Rodriguez, who grew up in Union City, credits the CSUEB Department of Communication with training her to work in front of and behind the camera. Taking broadcast news classes helped her master field reporting, producing stories, and editing news tapes. By working at the college’s television station, Rodriguez learned the importance of meeting deadlines and juggling roles such as writing, reporting, and producing stories.

“I received a tremendous amount of experience editing and shooting stories, which television stations require for entry-level jobs,” she says. “I’ve talked to students from other universities who only learned the theory behind working in television; they never received the hands-on experience I did at CSUEB.”

That experience helped set Rodriguez apart from other job candidates, and in her junior year she landed an internship at KTVU. Suddenly, she was working at the television station she grew up watching, meeting her role models, and receiving valuable career advice from KTVU Consumer Editor Tom Vacar and Weekend News Anchor Ken Wayne. 

“It was a dream come true interning at KTVU,” says Rodriguez, who put in two years at the station before graduating summa cum laude with a bachelor’s degree in communication.

Like most new graduates, Rodriguez started her career in a smaller television market, immediately securing a job as an anchor and reporter at CBS affiliate KCBY in Coos Bay, Oregon. There, she worked as a one-person shop doing everything from editing to shooting news footage. After 19 months in Oregon, she moved to ABC-FOX affiliate WGGB-TV in Springfield, Massachusetts, serving as an anchor and reporter.
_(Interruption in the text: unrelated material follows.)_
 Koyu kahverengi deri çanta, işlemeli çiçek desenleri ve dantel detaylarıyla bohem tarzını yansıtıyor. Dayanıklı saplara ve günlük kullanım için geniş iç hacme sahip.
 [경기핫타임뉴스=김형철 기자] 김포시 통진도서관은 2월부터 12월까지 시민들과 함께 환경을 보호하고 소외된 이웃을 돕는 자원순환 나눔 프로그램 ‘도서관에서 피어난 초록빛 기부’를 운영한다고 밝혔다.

It was there that Rodriguez won an investigative reporting award from the Associated Press in 2008 for an investigative piece into the security systems of Springfield schools, where she went undercover as a high school student.
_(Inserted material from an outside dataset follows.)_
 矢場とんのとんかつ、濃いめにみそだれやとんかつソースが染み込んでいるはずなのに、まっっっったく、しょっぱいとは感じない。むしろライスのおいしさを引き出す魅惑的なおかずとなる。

Missing the Bay Area, however, Rodriguez returned to California to anchor the weekend newscast at CBS station KBAK in Bakersfield.

“I love everything about my job.” Rodriguez says with a smile. 

Her passion for reporting helped her win two Emmy Awards from the National Academy of Television Arts and Science Pacific Southwest Chapter in 2009 and 2010, both for her work as an anchor in the category of Outstanding Weekend Newscast. 

“It was an honor to win my first Emmy Award at the age of 26 and then to win again the following year,” Rodriguez says. 

Moving to Sacramento in the past year, Rodriguez now serves as a reporter and fill-in anchor on the morning news at FOX-affiliate KTXL, a job that has led to a range of assignments including a recent story for which she went undercover as a panhandler, playing her guitar, and asking for money over the course of three hours on the streets of Sacramento.

“It was a humbling experience,” Rodriguez says. “I received $27 in three hours, a sandwich, and an iced coffee from a homeless man. So many people asked why I was on the streets, and I also discovered a real brotherhood among the homeless who look out for one another.”

Rodriguez also has become social media savvy, keeping viewers updated on breaking stories she covers via Twitter and Facebook. 

“Social media offers a way to engage our audience and to also get feedback from our viewers,” Rodriguez says. “When you’re reporting a story on location, you’re talking to the camera, so it’s nice to hear from viewers afterwards about what they liked about the story. Many viewers have also given me ideas for other stories.”

An avid runner, Rodriguez just signed up for her first half marathon, and enjoys reading, gymnastics, and hanging out with her cat, Salem, when she’s not at work. 

Looking to the future, Rodriguez hopes to someday land a job at CNN in New York. While acknowledging that she enjoys producing feature stories, she also likes covering breaking news and investigative stories.

“My ultimate goal is to achieve a position of influence and to break convention,” she says.